Фадеев зовет к себе друзей, и они приезжают. Но одиночество не оставляет его.

Планы у меня большие, – пишет он Луговскому. – Чувствую, что вошел уже в ту пору, когда ветрогонству – конец. Надо закончить роман, написать несколько рассказов для «Правды», засесть основательно за теорию и за науки и одолеть поначалу не менее двух языков – немецкий и английский. Засяду под Владивостоком, и года полтора-два в Москве меня пусть не ждут (сие пока в тайне держи, т. к. разрешения от ЦК я пока не имею, да и боюсь, что дойдет эта весть до родных и любовниц и начнут они меня мучить слезными письмами). Чувствую я себя прекрасно – в здешней суровости, в здешних темпах и масштабах. Поначалу – «встречи с друзьями!» – кое-что мы попили (раза два я нарезался даже основательно), а сейчас уж и думать забыл – не до того (очень хочется работать).
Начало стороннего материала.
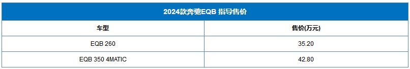 2024款奔馳EQB正式上市 售價35.20-42.80萬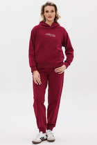 Спортивный костюм выполнен из хлопкового трикотажного полотна. Куртка с капюшонам на молнии. Рукава покроя реглан Пояс куртки и манжеты рукавов выполнены из эластичного полотна. Карманы в куртке - в рельефах, с потайной молнией. Слева на груди вышивка, спинке - принт. Брюки зауженные. Пояс брюк из эластичной рибаны. Ширина пояса дополнительно фиксируется шнуром. Боковые карманы брюк - "хулиганы". На левом рукаве, в области манжеты и на левой половине брюк нанесен термотрансфер с фирменным логотипом.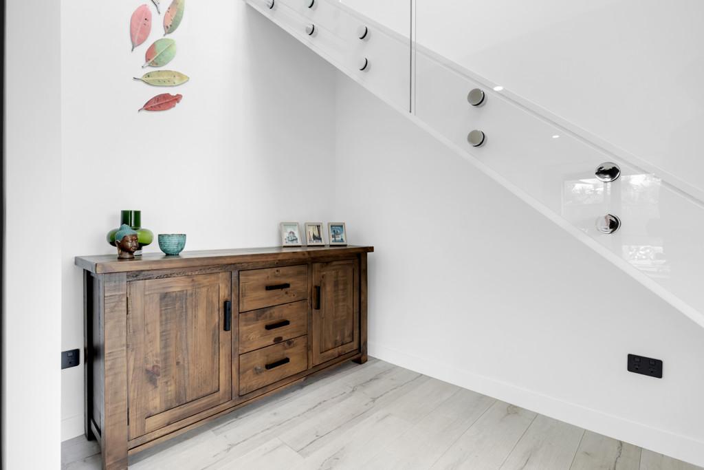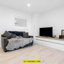 The home features a self-contained downstairs living area, perfect for extended family, guests, teenagers, while still maintaining privacy and functionality. Downstairs, light-filled living spaces flow seamlessly to outdoor areas, where landscaped gardens provide a tranquil setting for entertaining, relaxing, or watching the kids play.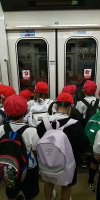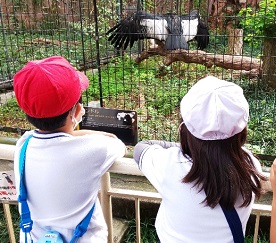 今日は待ちに待った天王寺動物園への遠足です。初めてみんなで乗る電車、ドキドキしながら乗りました。車内では先生に教えてもらったルールをしっかり守って乗ることができました。見学は2年生と1年生がペアになり、2年生は1年生をしっかりと連れて行っていました。近くで見る動物に大興奮!お目当ての動物を間近で見てさらにテンションUP!!大満足でした。お弁当タイムは、なかよく輪になって「いただきます!」さらにおやつも食べてニコニコ顔です。帰りの道は「歩こう−、歩こう−♪♪」と歌いながら初めての遠足は楽しく終わりました。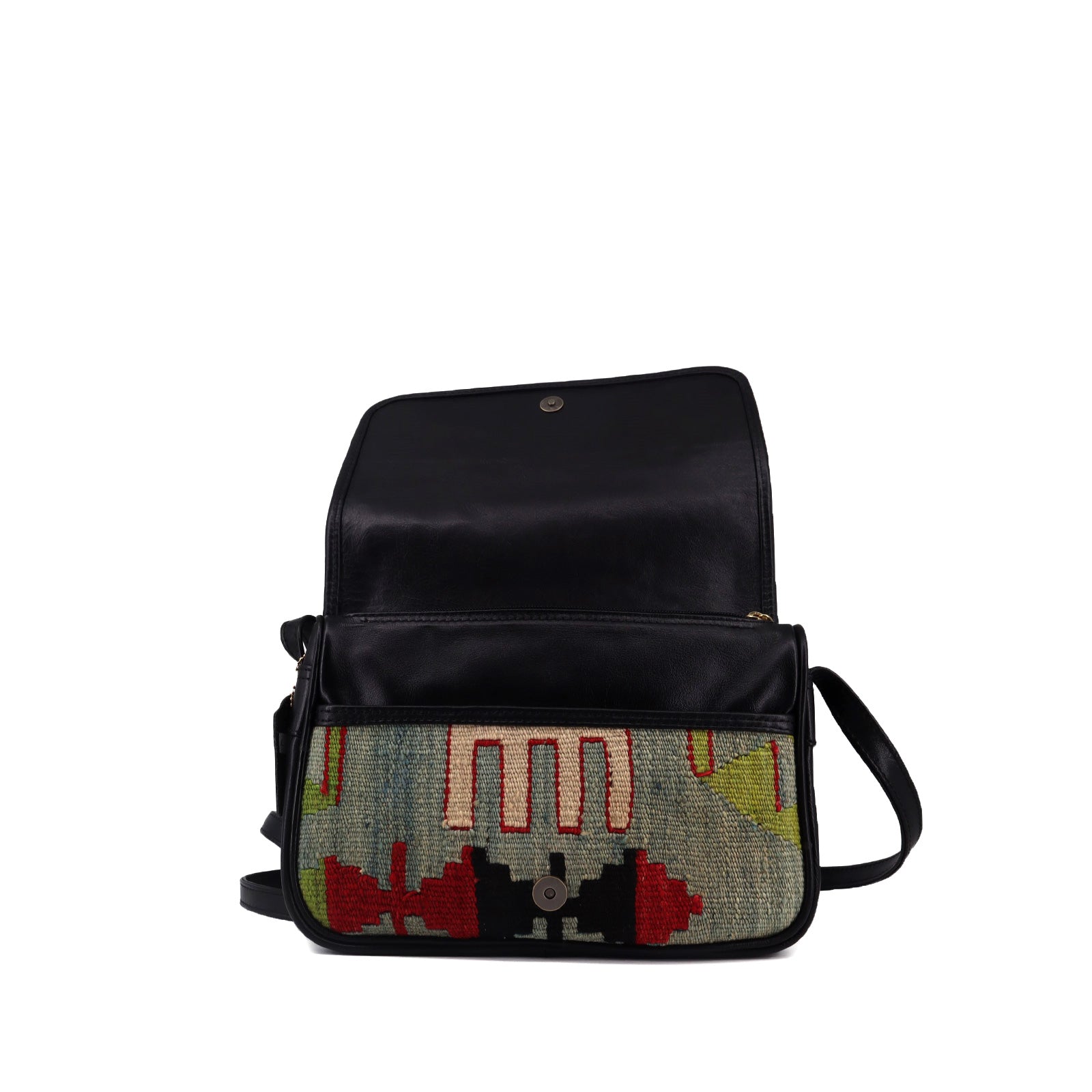 Handcrafted from a vintage kilim rug and finished with vegetable-tanned full-grain leather, our Crossbody Bag features a comfortable shoulder strap for easy carrying. The bag opens with a reliable magnetic opening, includes a zip interior pocket and stunning brass hardware.

Вспоминая последние два года, не могу подчас избавиться от чувства большой грусти – прожиты не так, как надо, с малыми успехами и – в сущности, без радостей. Хотелось бы иметь в предстоящей жизни подругу сердца, да, кажется, придется одному быть. За жизнь свою не менее, должно быть, тридцати «алмазов сих» подержал в руках – и от них настоящей любви ни от кого не нажил, да и сам никому не предался до конца – теперь уж, видно, и поздновато надеяться. Так-то, mein Hertz![165]

Сколько еще ждет его впереди событий и личных, и общественных…

Но пока в письме к Павленко он, рассуждая о своих предпочтениях в классической литературе, размышляет о том, понадобятся ли кому-нибудь их произведения в будущем или нет, и заключает письмо словами, что никакой ценности они как писатели с Павленко не представляют, потому горестно говорит он: «…мы не мастера, а полезные писатели. Утешимся, Петя, что мы писатели «полезные»»[166].

Фадеев, по воспоминаниям Лидии Либединской, неоднократно рассказывал, что всякий раз, когда ощущал на себе взгляд Сталина, ему казалось, будто на нем висит десять пудов. «Его не трогали, – рассказывала она. – Сталин Фадеева любил, а в конце 1938 года его вдруг выбрали в ЦК. Жил Фадеев в Большом Комсомольском переулке – в доме НКВД»[167].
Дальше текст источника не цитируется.